The SoRTS project aims to increase productivity and effectiveness in cancer treatment and reduce patient risk by supporting healthcare professionals in the transition from invasive, open surgery to minimally invasive, image guided intervention and treatment (IGIT). Such oncological treatments range from ablations (such as radio frequency, high intensity focused ultrasound, laser) to radiotherapy treatments (such as brachytherapy, external beam therapy). Improved productivity and effectiveness in healthcare enabled by IGIT is expected to significantly lower healthcare costs due to shorter hospital stay and higher throughput. One of today’s main IT challenges for IGIT, tackled in SoRTS, is the availability of coupled real-time feedback of the imaging and therapy systems during interventions.


The goal of the SoRTS project is to develop a System of Real-Time Systems (i.e. imaging and therapy systems), which enable more automated combination (“more than human interaction”) of imaging and therapy and motion compensation for the target tumor tissue via a guaranteed latency of the image and control data between these systems.


SoRTS solution:

  • The imaging and therapy-delivery systems comprise of multiple real-time control systems, hosted on separate computers. SoRTS will develop a Real-time Therapeutic Procedure Supervisor (RTPS) to provide the required architecture for adaptive real-time image guided therapies. The RTPS allows real-time communication and supports heterogeneous algorithms, deployed on heterogeneous high-performance computing hardware including visualization chains.
  • SoRTS will apply a distributed architecture with network interfaces for the exchange of information. Such a loosely coupled architecture will safeguard the integrity of the system components such as the imaging system and the therapy system.
  • A more intimate integration into a many-core hardware platform allows the exchange of more data, including real-time reconstructed 3D images. Novel techniques such as real-time hypervisors will be used to combine the existing real-time systems into a single platform, meanwhile safeguarding the internal integrity of the components.

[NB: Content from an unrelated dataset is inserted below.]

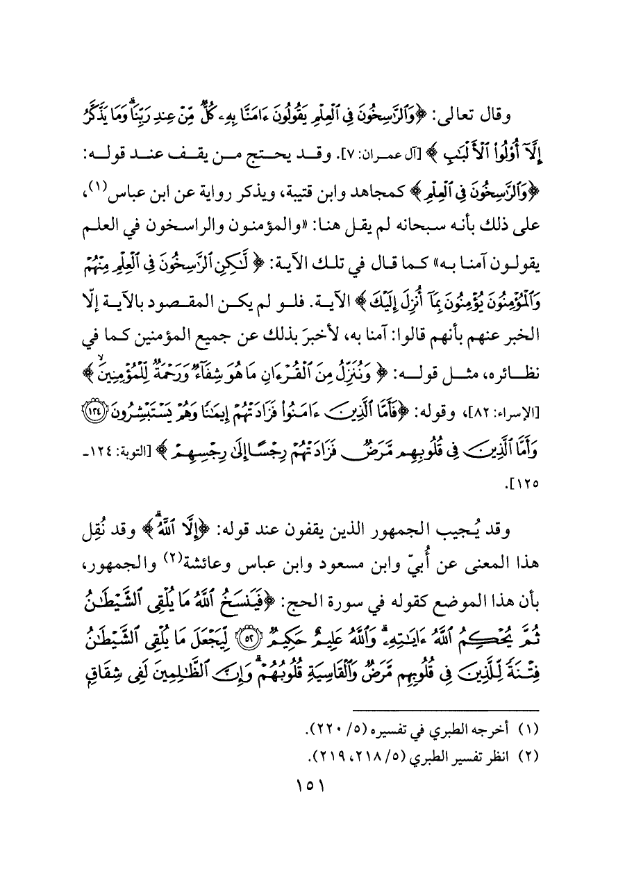 وقد يُجيب الجمهور الذين يقفون عند قوله: {إِلَّا اللَّهُ} وقد نُقِل هذا المعنى عن أُبيّ وابن مسعود وابن عباس وعائشة (¬٢) والجمهور، بأن هذا الموضع كقوله في سورة الحج: {فَيَنْسَخُ اللَّهُ مَا يُلْقِي الشَّيْطَانُ ثُمَّ يُحْكِمُ اللَّهُ آيَاتِهِ وَاللَّهُ عَلِيمٌ حَكِيمٌ (٥٢) لِيَجْعَلَ مَا يُلْقِي الشَّيْطَانُ فِتْنَةً لِلَّذِينَ فِي قُلُوبِهِمْ مَرَضٌ وَالْقَاسِيَةِ قُلُوبُهُمْ وَإِنَّ الظَّالِمِينَ لَفِي شِقَاقٍ
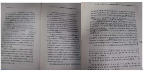 随后,大家进入分段落精读和提问交流环节。梁珊、白鑫、周家欣等同学围绕“我们碰到的是一个有意义的事件:绝对精神的瓦解过程”、“当商品充斥德国市场,而在世界市场上尽管竭尽全力也无法找到销路的时候,一切便按照通常的德国方式,因工厂的过度生产、质量降低、原料掺假、伪造商标、买空卖空、空头支票以及没有任何现实基础的信用制度而搞糟了”等原文文本,探讨了马克思具有讽刺意味的写作风格;接着又对文本中抽象晦涩的段落和句子,如“纯粹经验的方法”、“现有生产力的量的增加(例如开垦新的土地)”、“古老文明被满足破坏,接着就重新形成另一种社会结构(罗马和野蛮人,封建主义和高卢人,东罗马帝国和土耳其人)”和所有制形成的形式等,几位同学从不同角度展开了讨论和交流;针对原文中的“‘类’、‘唯一者’、‘人’,等等”,黄清涛同学以盲人摸象为例,对应联系原文中的其他部分内容进行了解答。梁珊同学分享了她对原文的摘录和整理,向大家介绍了她的学习思路和学习方法。随后,每位同学都结合自己的专业背景与知识积淀,以讨论交流的形式,分别从不同视角分享了对《德意志意识形态》文本的理解。

SoRTS bring together Dutch, Swedish and Finnish partners in the value chain for state-of-the-art IGIT:

  • Imaging systems suitable for image guided interventions like Magnetic Resonance Imaging (MRI) are highly advanced and developed with real-time feedback by Philips Healthcare NL.
  • Therapy systems, like brachytherapy, linear accelerator (Linac) and high intensity focused ultrasound (HIFU) are able to destroy malign tissue via a minimal or non-invasive method. Partners Nucletron, Elekta, Philips Finland and UMCU provide such systems.
  • Clinical procedures have to be developed and optimized to determine most effective and efficient usage of automated image guided interventional systems. UMC Utrecht will perform validation of such procedures in several radiotherapy applications.
  • Systems integration; a Real-time Therapeutic Procedure Supervisor will integrate image controlled therapy by independent systems, allowing the deployment of specific algorithms developed according to needs of any partner in the chain, without the need to upgrade/replace individual systems. The RTPS provides an architecture that deals with heterogeneity in algorithms, software technologies and platforms, with special attention to safety. All of the SoRTS partners in Sweden, Finland and the Netherlands are involved in these activities.


SoRTS will provide the technology basis for more automated image guided therapy products. This will enlarge the customer base for both imaging and therapy systems. Furthermore the market will be extended to new applications, because the RTPS developed in SoRTS will enable treatment of tumours in mobile organs. Safeguarding component integrity while being integrated on many-core computers is not only relevant for all kind of medical applications, but for every real-time image guided feedback systems, such as found in security and nano-technology applications.